# Installing AUX Input kit on an 03 530i



## BMW530iGUY (Oct 16, 2003)

I just ordered the kit from Crevier and wondered if anyone had any instructions on removing the radio to plug this adapter in. 

I looked on BMWTIPS but didn't see anything. If you have any pics that would be great too. I have installed radios before so I am not a complete idiot..about 50% idiot, 50% not so much of an idiot is what my wife would say ;-) 

Any and all info is appreciated

Car is a 2003 530i with 10 Speaker non-dsp, non nav system


----------



## DKSF (Apr 4, 2003)

BMW530iGUY said:


> I just ordered the kit from Crevier and wondered if anyone had any instructions on removing the radio to plug this adapter in.
> 
> I looked on BMWTIPS but didn't see anything. If you have any pics that would be great too. I have installed radios before so I am not a complete idiot..about 50% idiot, 50% not so much of an idiot is what my wife would say ;-)
> 
> ...


1. *Remove the MID screen.* Pull off the volume knob. Directly below the shaft, there is a torx screw that needs to be turned ~1/4 turn to release it. The MID should just pull out.

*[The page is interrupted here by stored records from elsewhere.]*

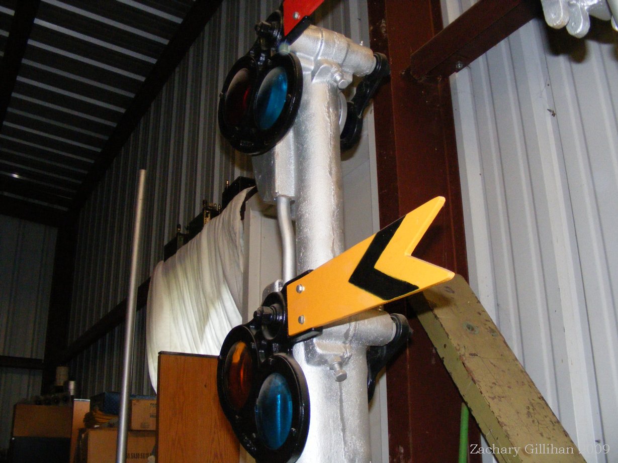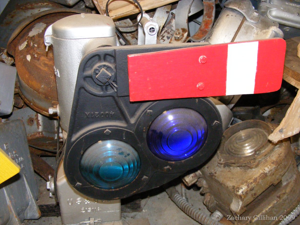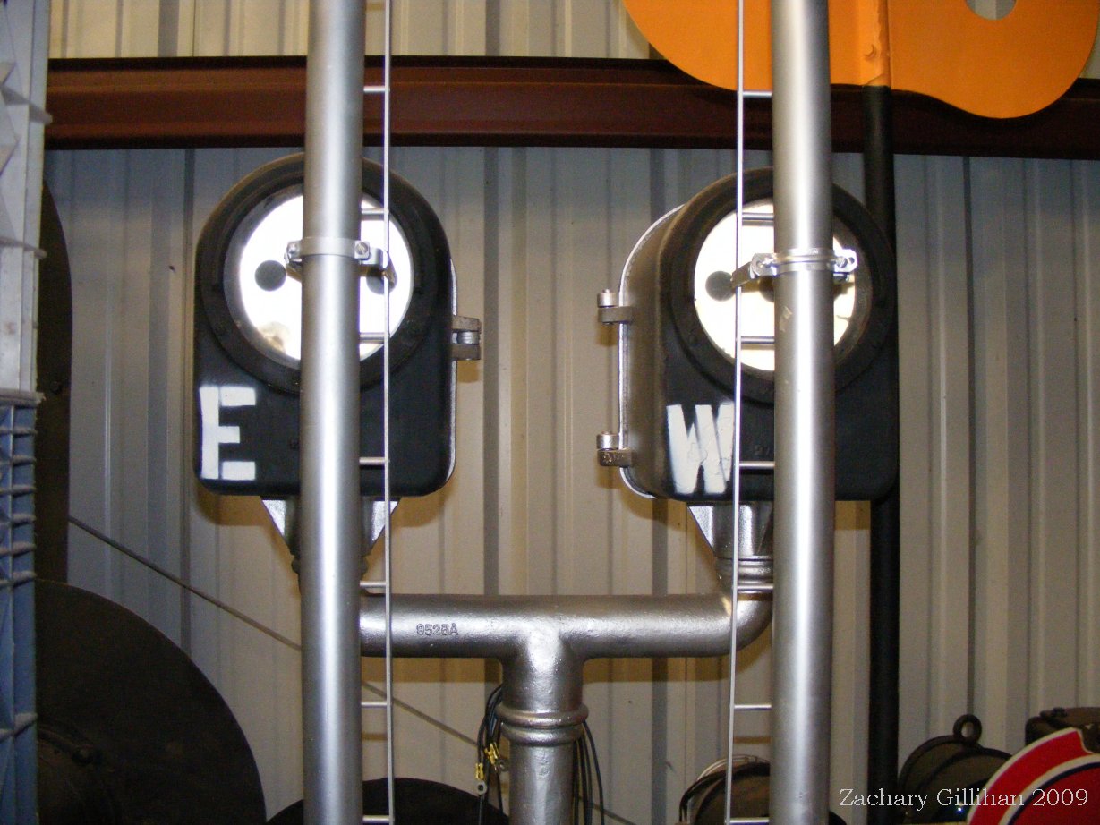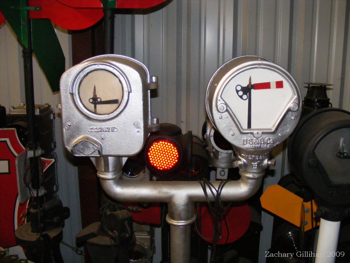 The signal to the left is a US&S Co pnuematic lower quadrant dwarf semaphore off the Chicago Transit Authority. The signal on the right is a dwarf mechanical semaphore off the old New York, New Haven & Hartford railroad and is a George Stiles Co dwarf semaphore. |
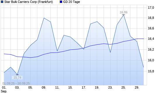 Mit dem Rücksetzer auf 16,35 EUR hat die Star Bulk Carriers-Aktie am 29.09.2025 die 20-Tage-Linie nach unten gekreuzt.Die Star Bulk Carriers-Aktie befindet sich seit dem 11.07.2025 im langfristigen ...weiterlesen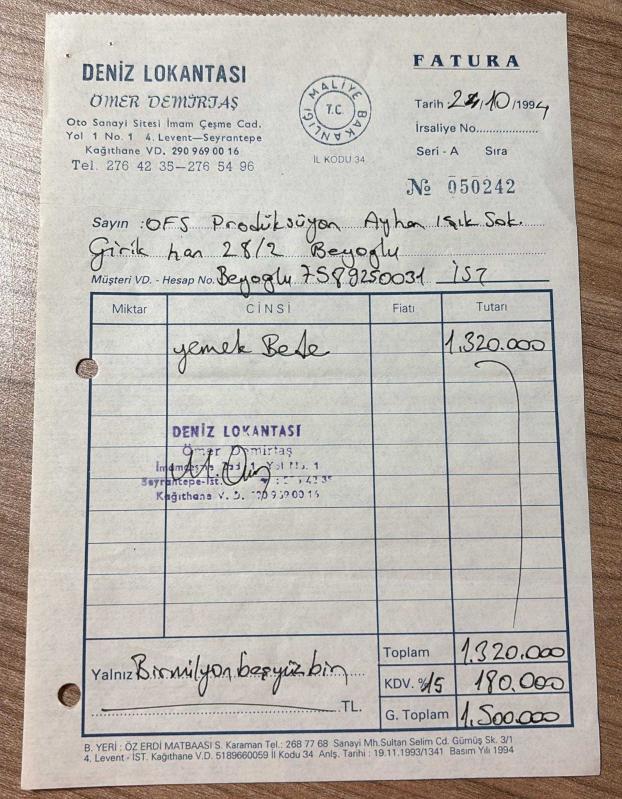 YEMEK FATURASI - 24 EKİM 1994 - DENİZ LOKANTASI - ÖMER DEMİRTAŞ - 4.LEVENT, İSTANBUL - OSMAN FAHİR SEDEN, O.F.S. PRODÜKSİYON - BEYOĞLU, İSTANBUL - ISLAK İMZALI, KAŞELİ - 13 x 19 cm EBATLI ORİJİNAL FATURA - TÜRK SİNEMA - FİLM TARİHİ

2. *Remove the "head unit".* Once the MID is removed, you should see two brass colored posts protruding from the bottom of the tape/cd player. Right next to each of them, you'll see a small hole, inside there is a hex bolt that needs to be loosened in order to release the head unit.

That's it.


----------



## BMW530iGUY (Oct 16, 2003)

*You are the man! thanks for the quick/good info <nt>*



DKSF said:


> 1. *Remove the MID screen.* Pull off the volume knob. Directly below the shaft, there is a torx screw that needs to be turned ~1/4 turn to release it. The MID should just pull out.
> 
> 2. *Remove the "head unit".* Once the MID is removed, you should see two brass colored posts protruding from the bottom of the tape/cd player. Right next to each of them, you'll see a small hole, inside there is a hex bolt that needs to be loosened in order to release the head unit.
> 
> That's it.


----------